Already, she has raked thick, heavy concrete on a freshly poured bridge deck at midnight, stood atop a tall support pier in the middle of Lake Ivanhoe to check its dimensions and reviewed construction plans to calculate schedules for work crews and the supplies they need at various sites.

Of course, she’s been closely supervised and has followed all safety procedures. And if the concrete work left her a bit tired and sore, the experience reaffirmed her decision to go into construction.

“Everybody has been great, and I love learning different skills nearly every day,” said Diaz, who will start her junior year in the civil engineering program at the University of South Florida next semester.

Diaz is following both her father and brother into the field. Indeed, her family moved from Puerto Rico to the Orlando area three years ago when her father – Rey Diaz Sr. P.E. – took a job on the I-4 Ultimate project. He is a scheduler in Area 3. Her brother, Rey Diaz Jr. – a recent civil engineering graduate – also works on the project as a field engineer in Area 2C.

After graduating from West Orange High School, however, Diaz wasn’t so sure she wanted to follow the family trade.
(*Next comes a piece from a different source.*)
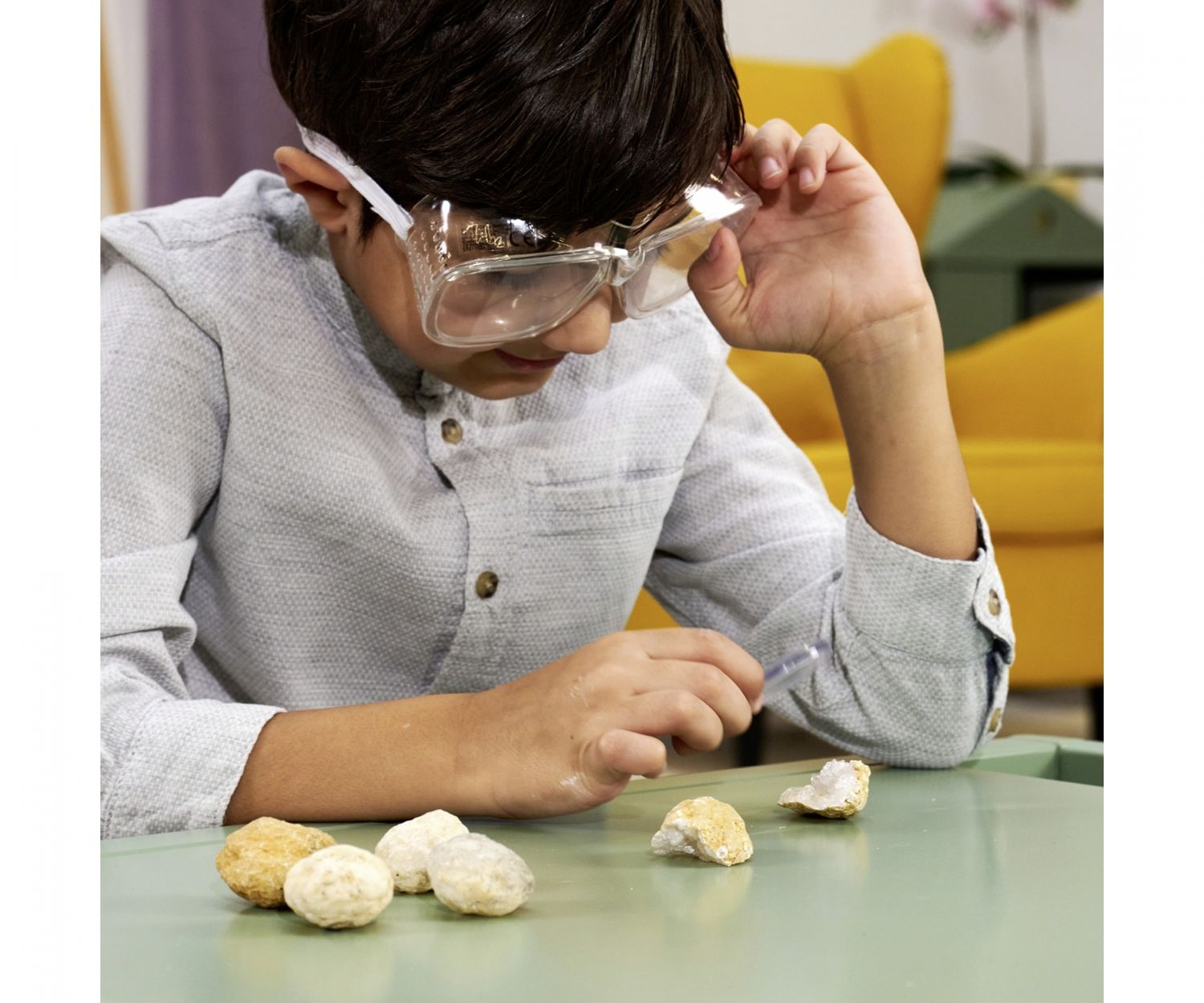 Sind die Geoden erst einmal geöffnet, können die Mädchen und Jungen mit der beiliegenden Lupe selbst feinste Kristalle im Detail bestaunen. Denn jede Geode ist ein einzigartiges Naturphänomen, das nur darauf wartet, von den Kids entdeckt und erforscht zu werden. Perfekt für kleine Geologie- und Archäologie-Fans, die die faszinierende Welt der Steine und Kristalle hautnah erleben möchten: Das Spielzeug-Set fördert Neugier, Motorik und den Entdeckergeist – und bringt den Kindern spielerisch die Geheimnisse unserer Erde und Natur näher.

A self-described math nerd, she briefly considered “rebelling” in college by going into computer engineering. But the excitement of big construction projects and seeing roads and bridges take shape was too much to ignore.

“I like the working environment of construction,” she said. “I like solving new problems. You learn you have to be willing to face any problem and fix it while maintaining a good attitude.”

This is the second time that Diaz has interned with SGL – the joint construction venture of Skanska, Lane and Granite on the I-4 Ultimate Project. Last summer, she had an office job in human resources that taught her about the variety of construction jobs out there.

This summer, she is experiencing many of them firsthand. She recently conducted soil-bearing tests and is ready for more engineering adventures. “I want to spend the whole day with a drainage crew.”